Task goal: The material below holds pictures, which are to be left out; copy exactly the lines from the one with "Set geometrie 4" through the one with "Tras lanzar su".

Extracted data:

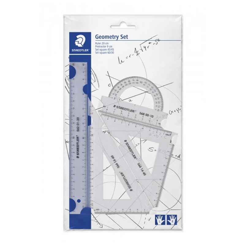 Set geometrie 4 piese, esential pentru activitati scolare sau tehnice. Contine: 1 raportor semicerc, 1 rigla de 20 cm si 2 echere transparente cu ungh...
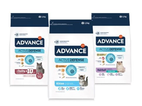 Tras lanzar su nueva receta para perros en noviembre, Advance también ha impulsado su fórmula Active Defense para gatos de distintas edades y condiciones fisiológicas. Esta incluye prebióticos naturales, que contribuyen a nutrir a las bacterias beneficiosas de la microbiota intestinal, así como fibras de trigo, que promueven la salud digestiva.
...
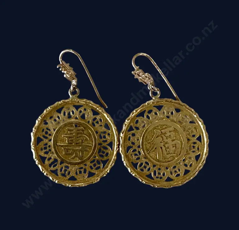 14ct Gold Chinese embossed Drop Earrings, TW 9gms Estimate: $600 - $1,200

Task result:
 Set geometrie 4 piese, esential pentru activitati scolare sau tehnice. Contine: 1 raportor semicerc, 1 rigla de 20 cm si 2 echere transparente cu ungh...
 Tras lanzar su nueva receta para perros en noviembre, Advance también ha impulsado su fórmula Active Defense para gatos de distintas edades y condiciones fisiológicas. Esta incluye prebióticos naturales, que contribuyen a nutrir a las bacterias beneficiosas de la microbiota intestinal, así como fibras de trigo, que promueven la salud digestiva.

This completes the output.